■ **Task instructions**: Exactly the lines from the first line of the records to the line holding "Kyseessä siis alle" should be duplicated, and nothing more; pictures stay out.

■ **Recorded information**:
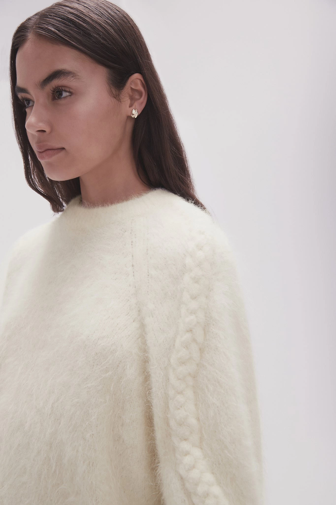 - 59% Alpaca 25% Acrylic 15% Nylon 1% Spandex
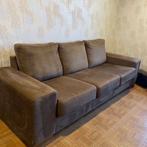 Kyseessä siis alle viikon vanha sohva (ovh 1200€). Pois kulmasohvan tieltä!
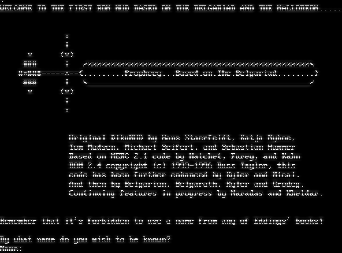 . WELCOME TO THE FIRST ROM MUD BASED ON THE BELGARIAD AND THE MALLOREON.​.... + \| \* (\*) ### \| /%%%%%%%%%%%%%%%%%%%%%%%%%%%%%%%%%%%%%%%%%%%%%%%%\\ #\*#​##=====\*=={.​........Prophecy...Based.on.The.Belgariad.​.......} ### \| \\_​_______________________________________________/ \* (\*) \| + Original DikuMUD by Hans Staerfeldt, Katja Nyboe, Tom Madsen, Michael Seifert, and Sebastian Hammer Based on MERC 2.1 code by Hatchet, Furey, and Kahn ROM 2.4 copyright (c) 1993-1996 Russ Taylor, this code has been further enhanced by Kyler and Mical. And then by Belgarion, Belgarath, Kyler and Grodeg. Continuing features in progress by Naradas and Kheldar. Remember that it's forbidden to use a name from any of Eddings' books! By what name do you wish to be known? Name:
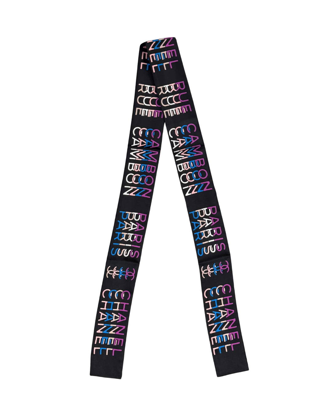 Questo twilly Chanel in seta 100%, realizzato in Italia, è un accessorio iconico e super contemporaneo. La base nera fa da sfondo a una stampa grafica multicolor con il logo Chanel ripetuto in tonalità vibranti di rosa, azzurro, lilla e bianco, per un effetto moderno e deciso. Può essere indossato al collo, tra i capelli, come bracciale oppure annodato al manico della borsa per personalizzare anche il look più essenziale.
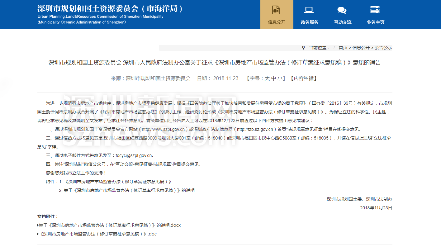 深圳新聞網(wǎng)11月24日訊(記者 張玲)深圳市房地產(chǎn)行業(yè)將取消年檢制度,改為年報(bào)制度、銷(xiāo)售價(jià)格以數(shù)據(jù)共享方式備案、預(yù)售條件為完成地面以上三分之一層數(shù)、房地產(chǎn)開(kāi)發(fā)企業(yè)不得拒絕購(gòu)房人使用住房公積金貸款、人均租住建筑面積不得低于6㎡……實(shí)施已有8年的《深圳市委房地產(chǎn)市場(chǎng)監(jiān)管辦法》要修訂了,11月23日,深圳市人民政府法制辦和深圳市規(guī)土委同時(shí)在官網(wǎng)發(fā)布通告,就修訂后的草案征求社會(huì)公眾意見(jiàn)。
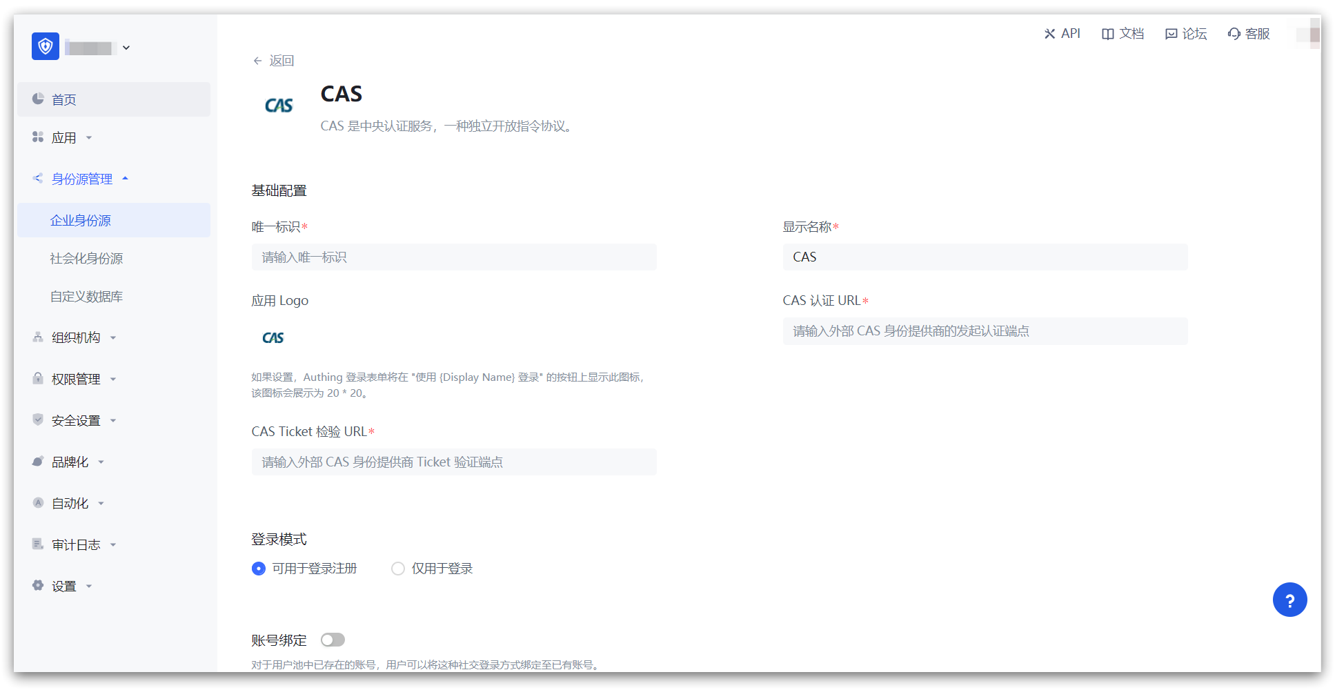 Authing 支持使用 CAS 协议进行联邦认证,详情请查看文档连接 CAS 身份源。
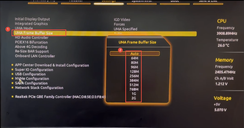 4、这时会发现多出了【UMA Frame Buffer Size】选项,这里我们就可以更改核显显存大小了;
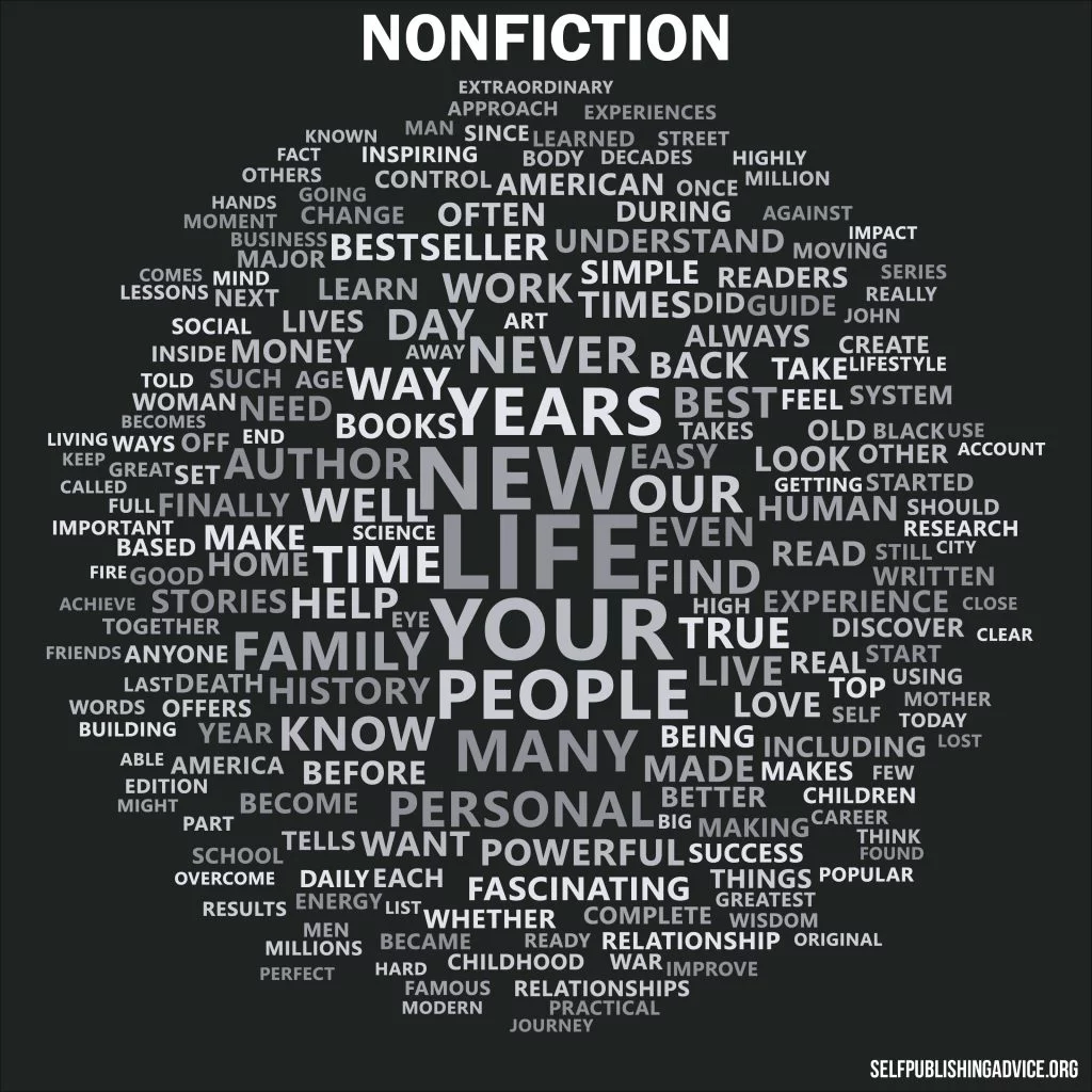 Nonfiction is a high-level category that encompasses disparate subjects ranging from Memoirs to Business to Medicine to Cookbooks. As a result, the most frequently used words come from a hodgepodge of genres, but we can still see a few interesting patterns in the descriptions.
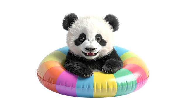 Digital art of a cute chihuahua wearing a rainbow scarf and swim ring, against a black background
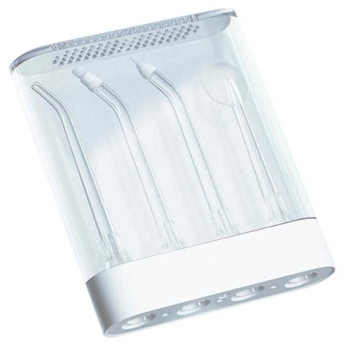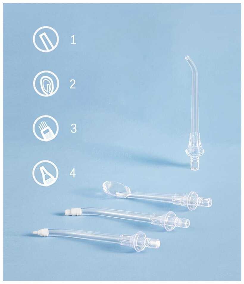 - 4 насадки в вентилируемом кейсе: стандартная, ортодонтическая, ложечка для языка, пародонтологическая.
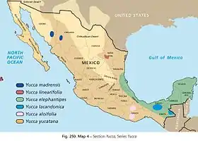 Yucca aloifolia, plantă originară din regiunile sudice ale Statelor Unite, Mexic și vestul Indiei prezintă frunze dese, cu marginile fin dințate dispuse în rozetă la extremitatea tulpinilor. Trunchiul crește până la 0,9-1,2 m înălțime și uneori formează la bază rozete noi. Dacă a fost plantată în grădini sau parcuri, această plantă înflorește în luna august (în România)[4].
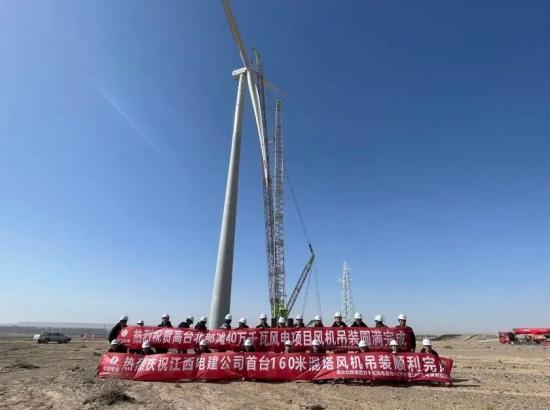 該項目是混塔風機安裝項目,混塔塔架相較于柔性鋼塔,對施工工藝要求更為嚴格。并且項目所在地地勢多為沙漠戈壁,平均每月有12天的大風氣候,風速可達15米至30米每秒,時有沙塵氣候產生,給施工造成極大影響。終究,施工方技能員們因地制宜,為項目部量身打造出了一套技能施工方案,作為主吊設備的ZCC13000履帶吊的安穩發揮,也為項目順利收官供給了強壯保障。

■ **Worked solution**:
 - 59% Alpaca 25% Acrylic 15% Nylon 1% Spandex
 Kyseessä siis alle viikon vanha sohva (ovh 1200€). Pois kulmasohvan tieltä!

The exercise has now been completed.